Rogozinki’s original vision was for an online community where users could discuss short-term, higher-risk trading strategies, without incurring judgement from those more conventional investors focusing on building a longer-term nest egg.
It was a move which coincided perfectly with the internet’s renewed fixation with ‘day trading’: as a wave of free-to-use apps made it easier than ever before for would-be traders to try their luck buying and selling shares.
Though Rogozinski has since left the forum, he has written a book about the phenomenon, with the rather fitting strapline ‘How Boomers Made the World's Biggest Casino for Millennials.’ As to how his own bets have fared, the father of two remains tight-lipped.
You may well have already heard of Martin Shkreli: the jailed hedge funder who gained notoriety for allegedly purchasing drug companies and jacking up the prices of sought-after medicines.
In a recent correspondence with his penpal girlfriend, still-imprisoned Shkreli appears to confirm rumours that he was not only an early member of WallStreetBets but one of its moderators too. He also gave his thoughts on the GameStop surge: ‘LOL this thing is so nuts.’
Though a major hate figure on some parts of the internet, Shkreli is often referred to as ‘hero’ by WallStreetBets members. Is that because of his lavish spending habits rather than unscrupulous business tactics? Or is it just more internet irony?
As with all things Reddit, it’s impossible to know for sure.
If you’ve spent even an hour on WallStreetBets, you’ll know that the forum has its fair share of legendary members - and not always for the right reasons. And none more so than a user called ControlTheNarrative.
Who was ControlTheNarrative? Nobody knows. All that it’s known is that he was allegedly responsible for discovering a glitch within the RobinHood trading app which allowed users to hugely increase their ‘leverage’ - i.e. borrow money - regardless of how much money was in their account.
Using this glitch, ControlTheNarrative was able to effectively borrow more than $40,000 (again a 5 per cent deposit) and lump it all on a one way bet *against* Apple’s stock price just ahead of its next earnings report. Even better, he filmed his reaction as the money disappeared before his eyes.
ControlTheNarrative may have gone, but his story leaves so many unanswered questions. Did RobinHood ever retrieve the money? And what if Apple’s stock had fallen? Just how rich would we have been? Sadly, we will never know.
If you needed a reminder that not everyone on WallStreetBets has struck it rich, you can look to 1R0NYMAN - another anonymous user who thought he had discovered a way to bag ‘risk free money’.

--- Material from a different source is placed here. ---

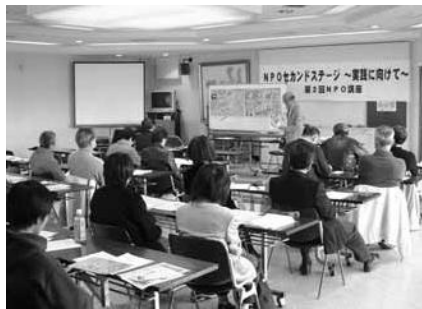
豊田地区・NPO入門講座

加。豊田支所大会議室において 「NPO活動における問題解決 をめざす講座」と位置付けて行 われました。「NPO法人ふく でハッピーハンズ」「NPO法人 桶ヶ谷沼を考える会」「しずおか ケナフの会」の各団体から実践 発表がありました。その後活動 に対しての質問を参加者からい ただき、意見交換をしました。 桶ヶ谷沼を考える会へは、全国 とんぼサミットの運営の様子や とんぼ生息の現状。ハッピーハ ンズへは、活動スタッフや資金 調達の方法。ケナフの会へは、 浜名湖ガーデンパークでの活動 についてなどが質問されました。 お互いに顔を合わせ、話し合い が出来たことに意義があったと 感じます。こうした「交流の場」 を多く持ちながら今後の住みよ いまちづくり、NPO活動の推 進につなげたいと思います。

By constructing a box spread - a complex trading strategy which involves using overlapping ‘buy’ and ‘sell’ options at once - 1RONYMAN assumed he would win either way. What he hadn’t bargained for, though, is that he might be forced to honour the losing contracts ahead of time.
This oversight, combined with RobinHood’s rather complicated leverage rules, led to him incurring a staggering 1832 per cent loss against his original $5,000 deposit. 1RONYMAN’s trading account was promptly suspended; but he remained at liberty to enjoy his newfound fame on WallStreetBets.